Não pararam de conversar. Depois de ela guardar as compras no carro, sentaram num banco da pracinha, há muito não se viam e continuaram a conversa.
– E aí, você continua mulherengo?
– Estou solteiro. Dois casamentos não deram certos. Sou ainda o romântico incorrigível em busca de alguém para lhe substituir. Nunca encontrei.
– Você é um danado! Sempre gentil!
– Não é gentileza Joana. Depois de tantos anos, sou um sessentão e você beirando; uma mulher casada, respeito seu marido, mas posso dizer sem mágoa, você sempre foi a mulher de minha vida, nunca lhe esqueci, conservo esse amor bonito dentro de mim. Esse negócio de mulherengo é verdade, depois que você casou-se, perdi a esperança e descambei para as raparigas, tornei-me um grande boêmio, tive muitas mulheres, minha vida de mulherengo é fruto da dor-de-cotovelo por você ter me abandonado.
– Nosso amor foi bonito, todos falavam na cidade sobre o namoro avançado, uma paixão avassaladora, nós dois sem juízo, só pensávamos em estarmos juntos. Naquela época namorados não transavam, mas você queria muito. Uma paixão! Tarado por mim. Precisei eu me segurar muito para continuar virgem.
– Lembra na praia, no mar? Eu colocava a boia de pneu de caminhão dentro d’água, você estirava seu corpo fazendo os braços de remo, eu me segurava na borda da boia, por baixo as coisas aconteciam. Ninguém percebia. À noite eu ia para as casas de raparigas. Fazia o serviço pensando em você.

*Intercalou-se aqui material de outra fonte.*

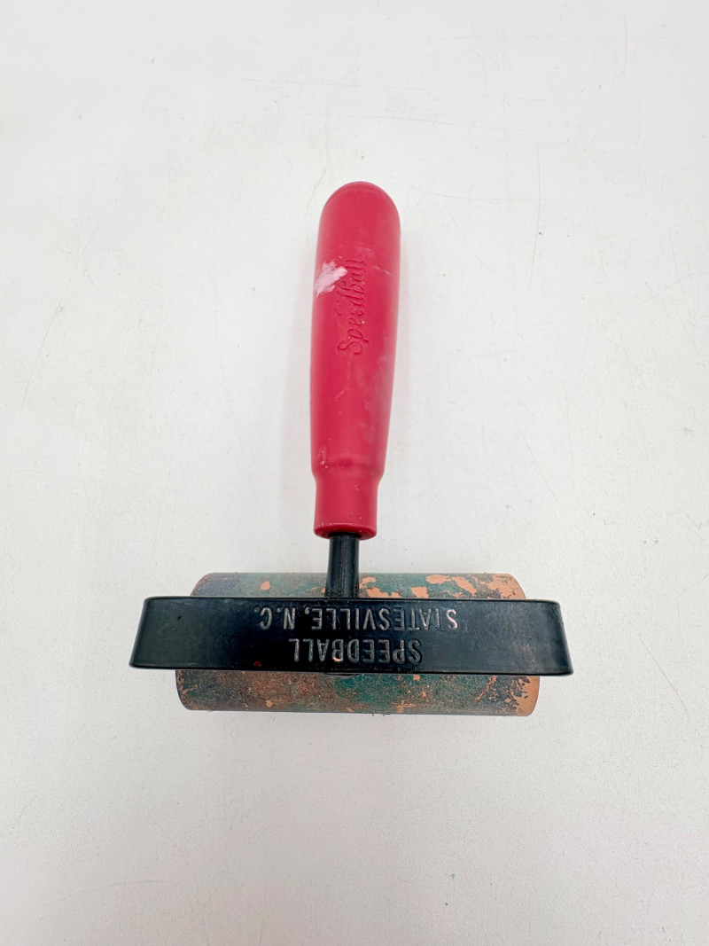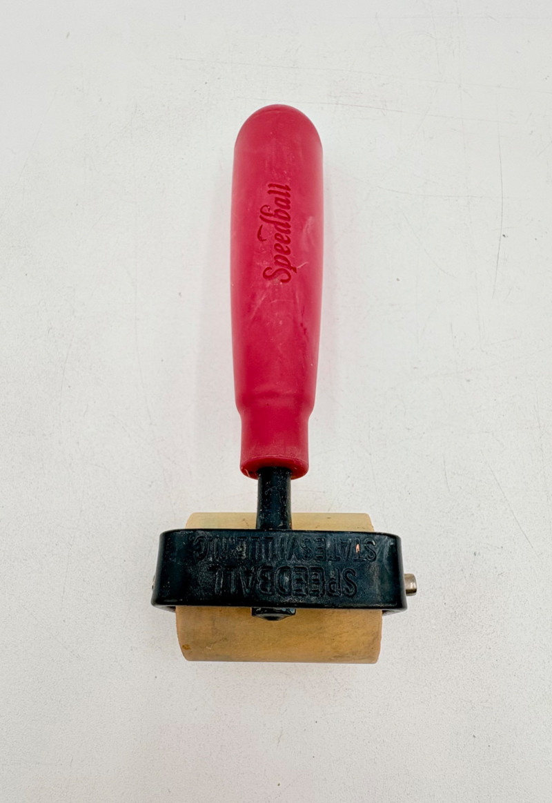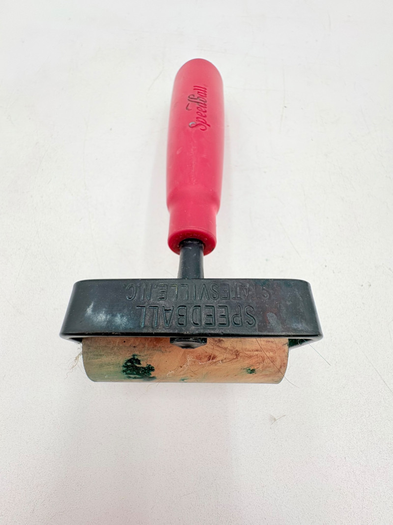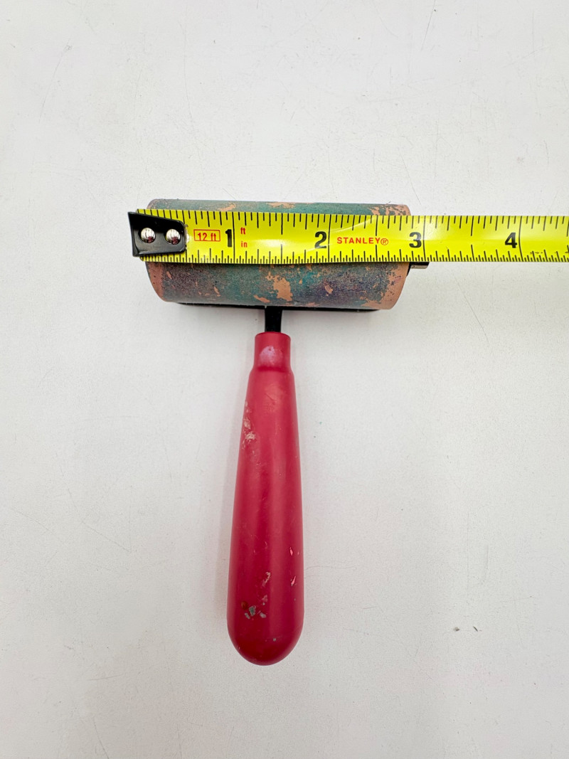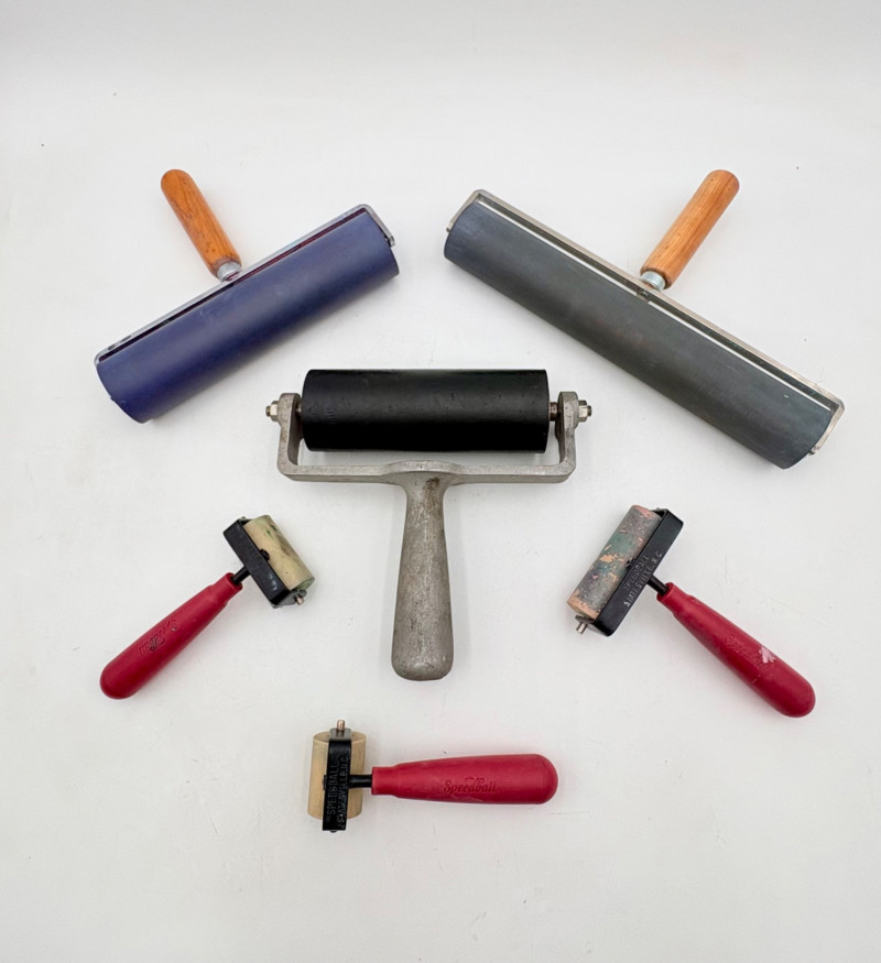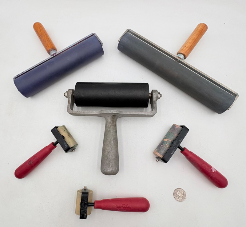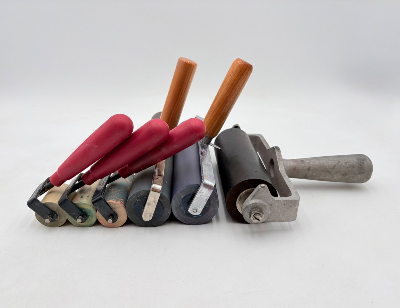 Group of 6 rubber rollers from Speedball (red handles) and others - used primarily for printmaking, but they are also great for other media like flattening/smoothing clay.. All have wood, metal, or plastic handles and appear to be very hardy. Width and diameter vary - please see photos for details.

– Sem-vergonha! Como éramos alegres e descontraídos. O mundo era nosso!
– Como está o Adelmo, o homem mais feliz do mundo, o homem que tem você nos braços há 34 anos?
– Sendo sincera, afinal você é um grande amigo. Vivi bem esses anos com Adelmo, casamento normal, não era aquela coisa doida de nosso namoro. Nossos dois filhos estão bem, casados e independentes. Tenho um neto. Ano passado tive duas tristezas na vida: Adelmo arranjou uma namorada, menina nova, e o pior: descobri um câncer em minha mama, estou tratando, os médicos dizem que posso controlar a doença e viver ainda por muitos anos. Porém, não dá mais para controlar meu marido, ele está apaixonado pela sirigaita. Eu vivo só, ninguém sabe que se passa comigo, vivo indignada dentro de minha dignidade.
Figueiredo apertou sua mão, olhou nos seus olhos.
– Minha querida Joana, deixe a merda desse marido. Eu ainda lhe amo, sempre lhe amarei, estou à sua espera o dia que você quiser, ficaremos juntos o resto da vida. O mundo que se exploda! Amanhã estarei viajando, vou passar um mês no navio COSTA MARU, parte amanhã à tarde para Fortaleza, depois Europa. Quando eu voltar quero conversar com você. Está certo? Você promete que vamos nos ver? Dê-me o número de seu celular.
Despediram-se com beijo no rosto, um sorriso e um olhar profundo.
À noite, para esquecer o encontro com Figueiredo que não saía de sua cabeça, antes de dormir, Joana alisou o corpo do marido, beijou-lhe o pescoço, foi se achegando como pedisse um pouco de carinho, um pouco de atenção. Nesse momento Adelmo virou-se com cara irada.
– Não dá Joana, não quero pegar sua doença. Você tem câncer! Esqueceu?
Virou-se para o lado e adormeceu. Joana foi ao banheiro, chorou sentada no vaso por mais de uma hora, voltou para cama jurando nunca mais chorar por Adelmo, veio-lhe um ódio do marido, custou a adormecer.
Eram nove da manhã quando ela se levantou. Tomou café, trocou de roupa, foi ao cabeleireiro, à manicure. No shopping comprou roupas, almoçou. Em casa, por volta das três horas, arrumou a mala, escreveu uma carta simples para Adelmo. Tomou um táxi.
Ao entardecer o navio desencostava do caís. Na balaustrada da proa Figueiredo contemplava o mar, o casario ao longe diminuindo de tamanho. Ele se embevecia encantado com a cor do céu e do mar no início do por do sol. De repente, ele sentiu uma mão por cima da sua; ao olhar ao lado, sua alma encheu-se de felicidade, sorriu ao perceber que era a mão de Joana.